** Given records follows **
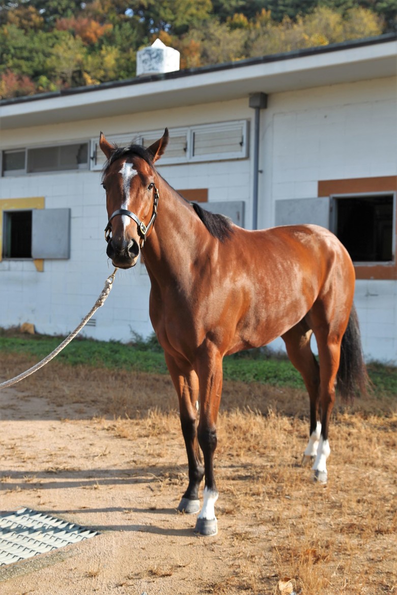 지난 10월 ‘아름다운질주Stakes’에 유일한 암말로 출전해 당당히 3위를 차지했다. 당시 경주 초반에는 다른 말들에 둘러싸여 진로가 막힌 듯 보였지만, 뒤쪽에서 침착하게 상황을 살피며 기회를 노리다가 4코너에서 외곽으로 빠져나왔다. 이후 직선주로에서 폭발적인 스피드로 순식간에 도약해 9위에서 3위까지 올라섰다. 침착함과 뒷심이 돋보이는 경주전개였다. 그전 주행심사와 데뷔전에서도 이와 비슷한 전개로 우승을 차지했는데, 이번 경주 역시 탁월한 뒷심을 활용한 막판 스퍼트로 승부수를 두지 않을까 싶다.
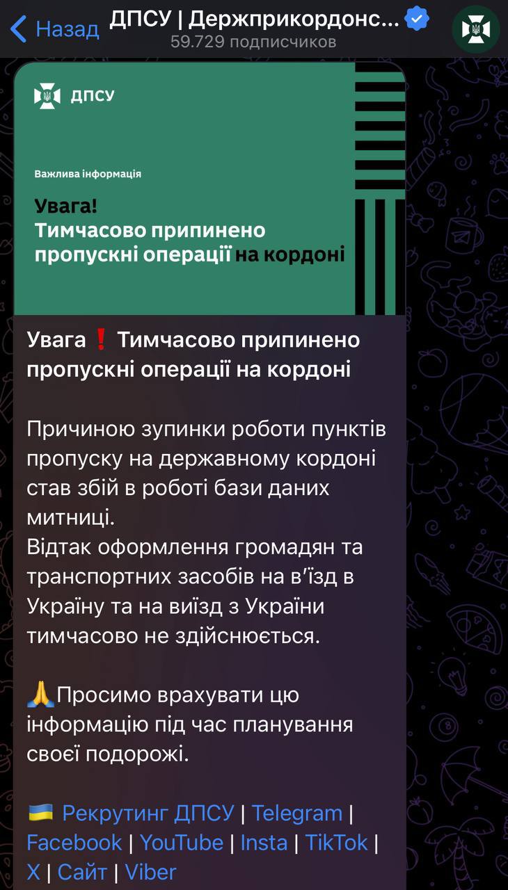 Пропуск граждан и транспортных средств через границу Украины в обоих направлениях остановлен.
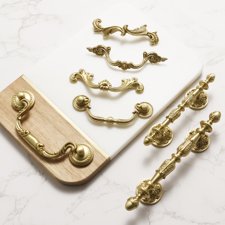 Tay nắm bằng đồng sang trọng kiểu Pháp tay nắm tủ quần áo kiểu Mỹ ngăn kéo tủ quần áo nhà bếp Châu Âu retro vàng nguyên chất đồ nội thất bằng đồng nguyên chất tay nắm cửa
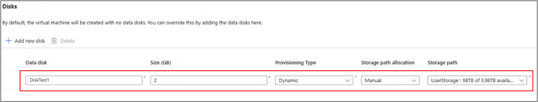 Create a data disk (dynamic) on a specified storage path:
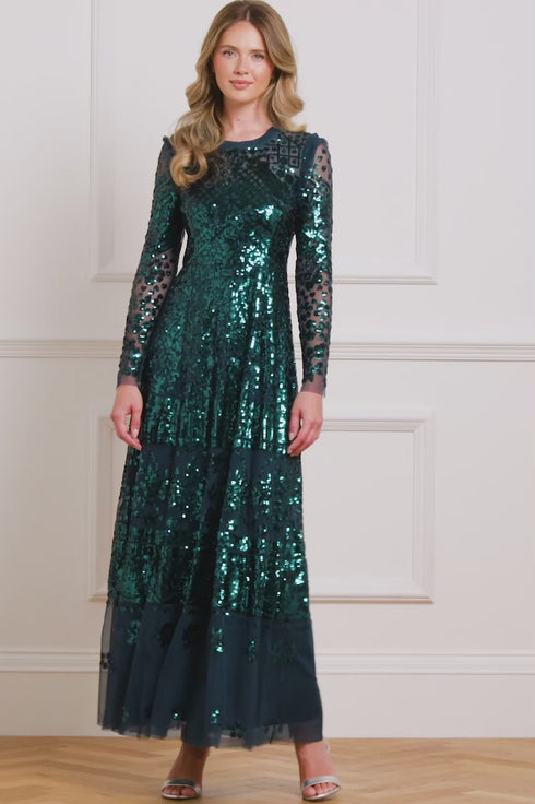 NEW SEASON | NEEDLE & THREAD EXCLUSIVE. The Aurora Gown in Emerald. A timeless signature style from the Needle & Thread archive. This heritage design features intricately embroidered floral motifs that shimmer with tonal sequins across the bodice and layered tulle skirt. In a rich jewel tone, this archival favourite is reimagined for AW25 as a statement piece perfect for glamorous evenings.
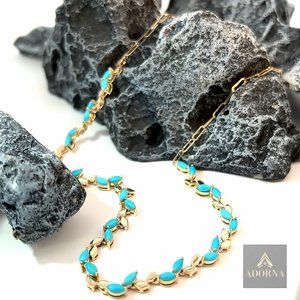 Turquoise Marquise 14K (or 18k upon request) Yellow Gold Leaf Motif Necklace
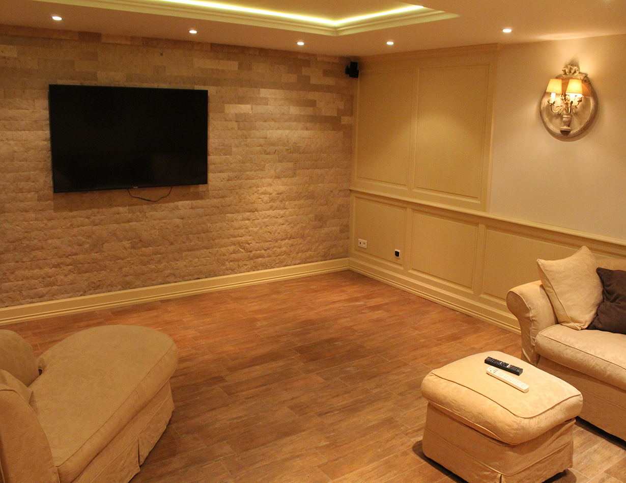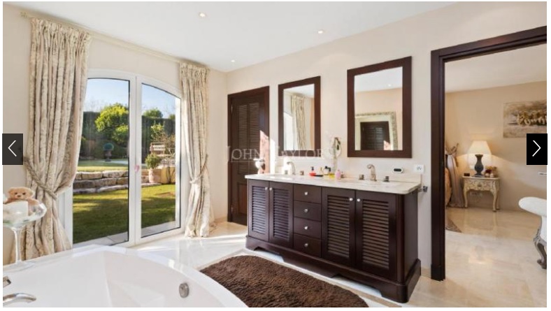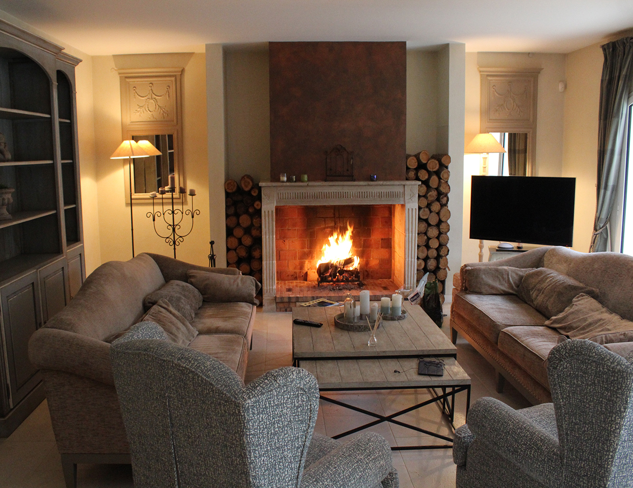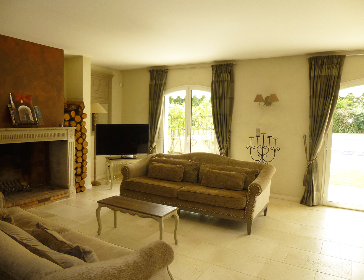 Großer Wohn-Eßbereich mit gemütlichen Sofas, luxuriöser Ausstattung, Marmorböden. Kamin. Austritt zum Garten und Pool. Tv in fast alles Schlafzimmern. Und es gibt zudem noch einen tollen großen TV-Spielraum!
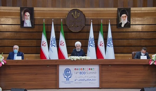 وقال روحاني ، اليوم الخميس ، امام القمة الـ 14 لمنظمة التعاون الاقتصادي (ايكو) ، التي عقدت افتراضيا تحت شعار “التعاون الاقتصادي الإقليمي في عصر ما بعد كورونا” بمشاركة قادة 10 دول أعضاء : انه رغم الطاقات التجارية الكبيرة الكامنة وتوال البنية التحتية اللازمة ، لا تزال التجارة البينية بين دول منظمة التعاون الاقتصادي أقل من 10٪ ، وهو أمر غير مقبول على الإطلاق.
** End of Given records **
#### [Exercise description]
Give again, exactly, the lines from the start of the data through the one holding "Пропуск граждан и"; omit the pictures.

#### [Finished exercise]
 지난 10월 ‘아름다운질주Stakes’에 유일한 암말로 출전해 당당히 3위를 차지했다. 당시 경주 초반에는 다른 말들에 둘러싸여 진로가 막힌 듯 보였지만, 뒤쪽에서 침착하게 상황을 살피며 기회를 노리다가 4코너에서 외곽으로 빠져나왔다. 이후 직선주로에서 폭발적인 스피드로 순식간에 도약해 9위에서 3위까지 올라섰다. 침착함과 뒷심이 돋보이는 경주전개였다. 그전 주행심사와 데뷔전에서도 이와 비슷한 전개로 우승을 차지했는데, 이번 경주 역시 탁월한 뒷심을 활용한 막판 스퍼트로 승부수를 두지 않을까 싶다.
 Пропуск граждан и транспортных средств через границу Украины в обоих направлениях остановлен.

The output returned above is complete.